Alright, everyone, let’s jump into the world of trading strategies where folks are buzzing about those complicated systems and flashy indicators that can leave new traders baffled. Here’s the scoop: it doesn’t have to be complicated.

Before the Japanese candlestick chart took the spotlight, trading was a messy game. But these days, you can make some gains just by paying attention to the shapes and positions of the candles. This method has picked up a cool nickname among traders: "Candlestick Analysis" or, as the trendy ones call it, Price Action.

And believe me, this method works like a charm in the broker space with PocketOption—it’s like a cash-generating machine, letting me squeeze in multiple trades during a single session.

So, let’s zoom in on a wild setup that signals when the market’s about to turn around: the well-known Pinocchio pattern.

What are these Japanese candlesticks?

Imagine this: a candlestick formation looks like a tidy little rectangle, with the upper and lower spikes (or shadows, as we call them) perfectly aligned. The rectangle? That’s the candle’s body—and it’s created based on whatever timeframe I’m using. If I’m on an M1 chart, then each candle forms every minute.

The body shows the difference between the opening and closing price. Now, if the closing price falls below the opening price, we’ve got a downward candle; switch that, and we're seeing an upward candle. Usually, downward candles are red, while upward ones are dressed in green.

But hold up, there’s more! Picture the price opening, climbing up, then suddenly dropping below the opening price. In this case, a spike appears above the candle, giving me a clue about where the price was when the candle was formed.

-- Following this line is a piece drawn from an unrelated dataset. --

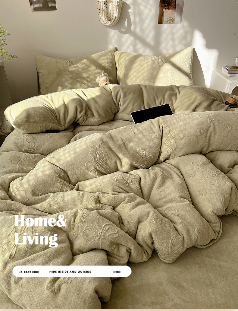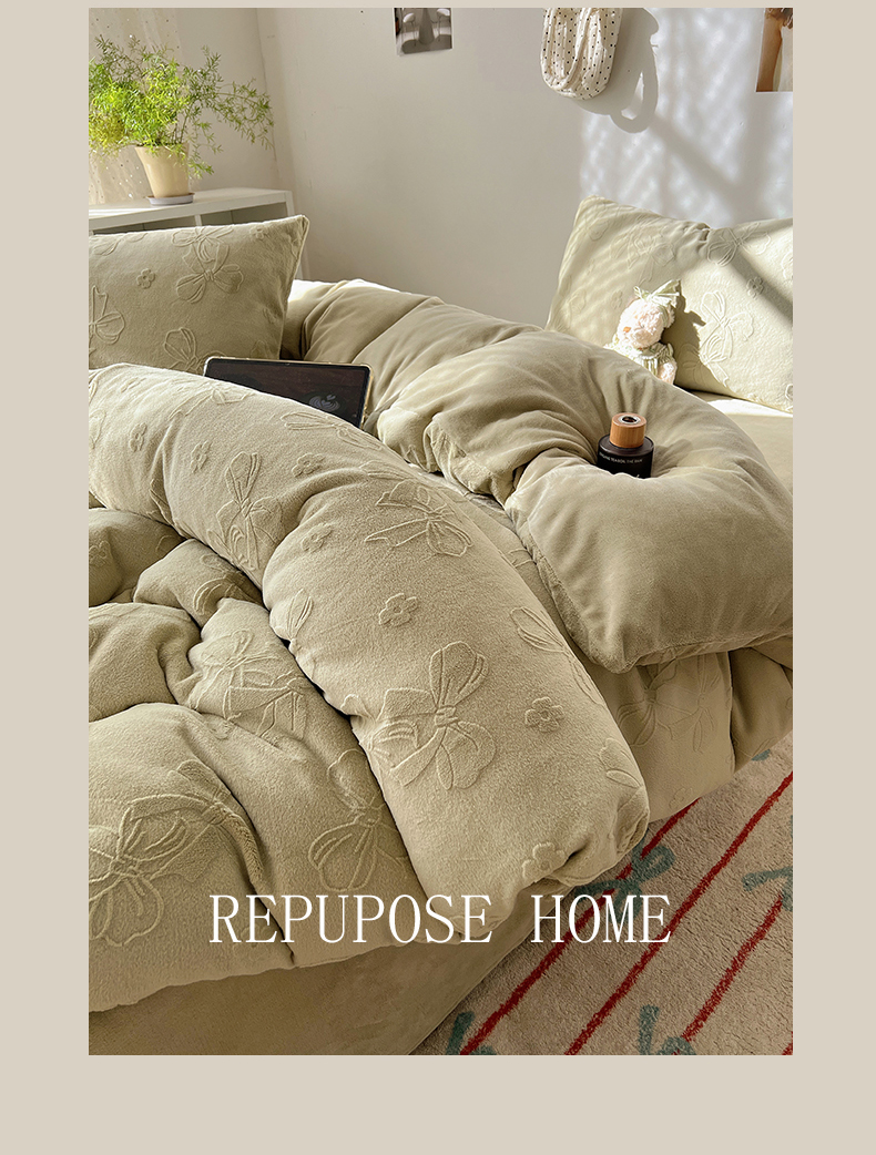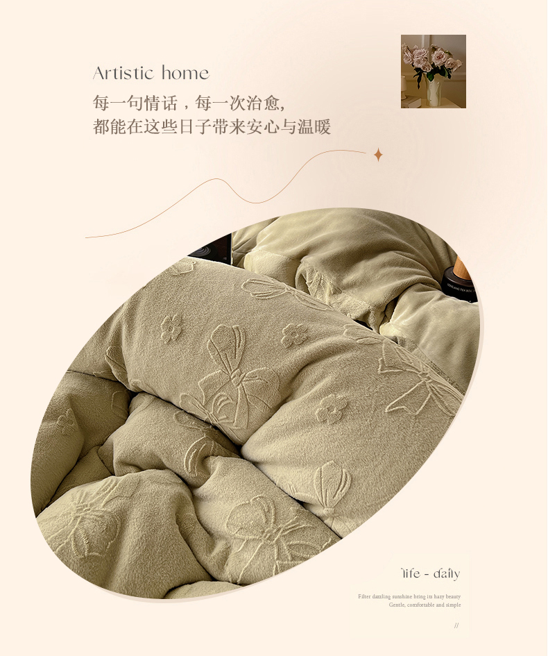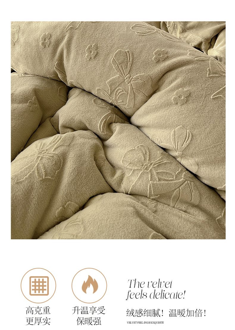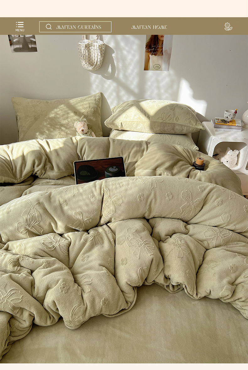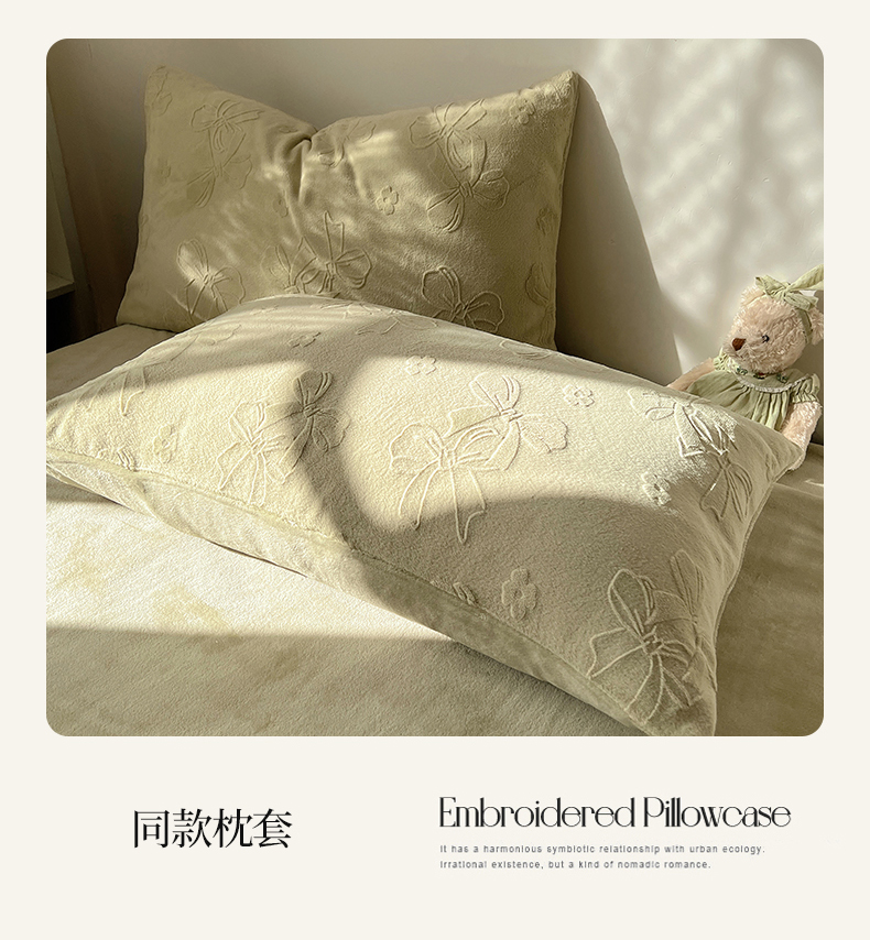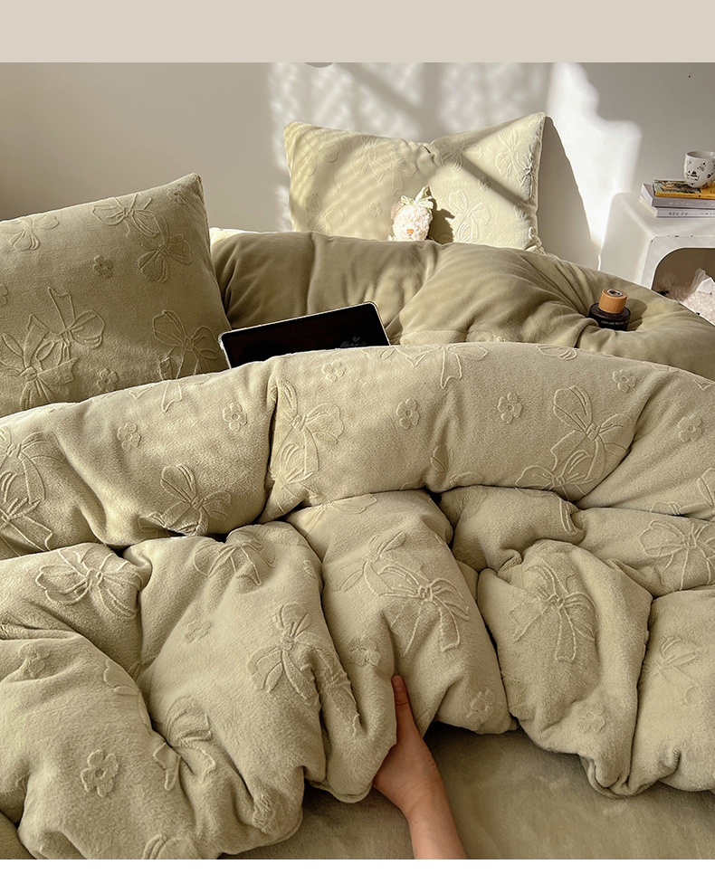 当前位置: 91家纺网 > 商品网购 > 床品套件 > 四件套 > 牛奶绒四件套 > 六巷胡同 2025新款INS博主风蝴蝶结心语立体雕花A类牛奶绒四件套 (会员减5元) 蝴蝶结心语-绿
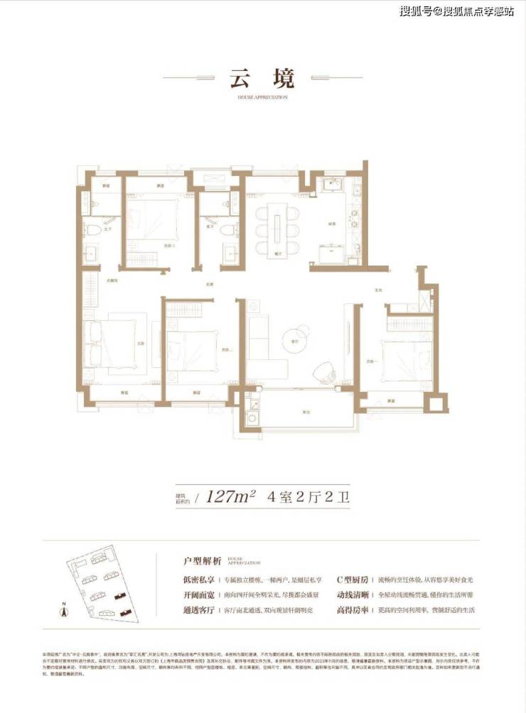 建面约127㎡4房的得房率约82%。

Trading with the Pinocchio strategy—how do I roll?

Now, let’s get to the point. Picture this: the chart’s heading upwards, everything’s looking bright, but after the last candle, bam—a huge spike shows up above it, stretching way beyond the candle’s body.

This signals that something’s off—like a significant trader wrapping things up or the market hitting a psychological barrier, or maybe it’s just the news shaking things up. Whatever the reason, it’s a clear sign that the market is preparing for a change.

CALL contract? That’s when I spot a red candle with a long spike below it during a downward move.

PUT contract? That's when I see a green candle with a long spike at the top during an upward move, just like I mentioned earlier.

Why's it called ‘Pinocchio,’ you ask? It’s all about those long shadows. Just like our favorite puppet whose nose grew when he fibbed, when the market tries to throw us off, the spike on the last candle stretches right along with it, aiming to leave traders in the lurch.

Just a heads up, though—trading based on price action is super popular but can be risky. So remember to stick to my money management guidelines.